JAVA_LETTER_OR_DIGIT

public static final CharMatcher JAVA_LETTER_OR_DIGIT
Determines whether a character is a letter or digit according to Java's definition.


JAVA_UPPER_CASE

public static final CharMatcher JAVA_UPPER_CASE
Determines whether a character is upper case according to Java's definition.


JAVA_LOWER_CASE

public static final CharMatcher JAVA_LOWER_CASE
Determines whether a character is lower case according to Java's definition.


JAVA_ISO_CONTROL

public static final CharMatcher JAVA_ISO_CONTROL
Determines whether a character is an ISO control character according to Character.isISOControl(char).


INVISIBLE

public static final CharMatcher INVISIBLE
Determines whether a character is invisible; that is, if its Unicode category is any of SPACE_SEPARATOR, LINE_SEPARATOR, PARAGRAPH_SEPARATOR, CONTROL, FORMAT, SURROGATE, and PRIVATE_USE according to ICU4J.


SINGLE_WIDTH

public static final CharMatcher SINGLE_WIDTH
Determines whether a character is single-width (not double-width). When in doubt, this matcher errs on the side of returning false (that is, it tends to assume a character is double-width). Note: as the reference file evolves, we will modify this constant to keep it up to date.


ANY

public static final CharMatcher ANY
Matches any character.


NONE

public static final CharMatcher NONE
Matches no characters.

Constructor Detail

CharMatcher

public CharMatcher()
Method Detail

is

public static CharMatcher is(char match)
Returns a char matcher that matches only one specified character.


isNot

public static CharMatcher isNot(char match)
Returns a char matcher that matches any character except the one specified.

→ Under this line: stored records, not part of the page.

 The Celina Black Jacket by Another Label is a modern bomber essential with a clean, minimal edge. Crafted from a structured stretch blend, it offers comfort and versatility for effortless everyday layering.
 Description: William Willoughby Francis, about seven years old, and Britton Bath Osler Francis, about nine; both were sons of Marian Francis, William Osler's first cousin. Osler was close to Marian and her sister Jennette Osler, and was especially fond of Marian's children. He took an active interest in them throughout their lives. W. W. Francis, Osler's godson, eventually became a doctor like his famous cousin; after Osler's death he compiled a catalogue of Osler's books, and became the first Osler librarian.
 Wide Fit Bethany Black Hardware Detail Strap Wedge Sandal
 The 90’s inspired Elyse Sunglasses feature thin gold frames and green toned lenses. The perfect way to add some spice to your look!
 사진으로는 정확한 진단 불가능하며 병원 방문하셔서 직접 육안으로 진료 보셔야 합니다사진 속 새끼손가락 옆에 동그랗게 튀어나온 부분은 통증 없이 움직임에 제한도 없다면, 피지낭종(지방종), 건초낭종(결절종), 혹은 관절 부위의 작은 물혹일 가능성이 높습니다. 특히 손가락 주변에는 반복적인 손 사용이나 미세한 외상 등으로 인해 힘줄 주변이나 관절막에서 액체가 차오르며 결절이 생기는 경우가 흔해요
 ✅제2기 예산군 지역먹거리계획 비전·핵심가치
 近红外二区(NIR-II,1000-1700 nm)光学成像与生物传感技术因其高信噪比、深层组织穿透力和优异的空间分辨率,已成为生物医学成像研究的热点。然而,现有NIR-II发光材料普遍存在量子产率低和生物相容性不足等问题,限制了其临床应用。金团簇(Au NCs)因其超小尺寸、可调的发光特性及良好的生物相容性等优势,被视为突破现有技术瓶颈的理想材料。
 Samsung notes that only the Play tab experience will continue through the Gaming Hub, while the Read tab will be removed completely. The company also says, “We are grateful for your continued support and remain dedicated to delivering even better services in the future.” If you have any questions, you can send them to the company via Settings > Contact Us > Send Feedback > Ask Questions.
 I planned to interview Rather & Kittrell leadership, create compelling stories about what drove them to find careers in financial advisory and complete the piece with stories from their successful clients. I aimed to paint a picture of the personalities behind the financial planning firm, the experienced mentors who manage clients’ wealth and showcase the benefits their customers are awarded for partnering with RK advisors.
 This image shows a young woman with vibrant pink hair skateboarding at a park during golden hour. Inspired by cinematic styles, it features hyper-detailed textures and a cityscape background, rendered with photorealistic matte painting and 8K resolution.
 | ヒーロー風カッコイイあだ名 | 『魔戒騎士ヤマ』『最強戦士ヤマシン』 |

To negate another CharMatcher, use negate().


anyOf

public static CharMatcher anyOf(CharSequence sequence)
Returns a char matcher that matches any character present in the given character sequence.


noneOf

public static CharMatcher noneOf(CharSequence sequence)
Returns a char matcher that matches any character not present in the given character sequence.


inRange

public static CharMatcher inRange(char startInclusive,
                                  char endInclusive)
Returns a char matcher that matches any character in a given range (both endpoints are inclusive). For example, to match any lowercase letter of the English alphabet, use CharMatcher.inRange('a', 'z').

Throws:
IllegalArgumentException - if endInclusive < startInclusive

forPredicate

public static CharMatcher forPredicate(Predicate<? super Character> predicate)
Returns a matcher with identical behavior to the given Character-based predicate, but which operates on primitive char instances instead.


matches

public abstract boolean matches(char c)
Determines a true or false value for the given character.


negate

public CharMatcher negate()
Returns a matcher that matches any character not matched by this matcher.


and

public CharMatcher and(CharMatcher other)
Returns a matcher that matches any character matched by both this matcher and other.


or

public CharMatcher or(CharMatcher other)
Returns a matcher that matches any character matched by either this matcher or other.


precomputed

public CharMatcher precomputed()
Returns a char matcher functionally equivalent to this one, but which may be faster to query than the original; your mileage may vary. Precomputation takes time and is likely to be worthwhile only if the precomputed matcher is queried many thousands of times.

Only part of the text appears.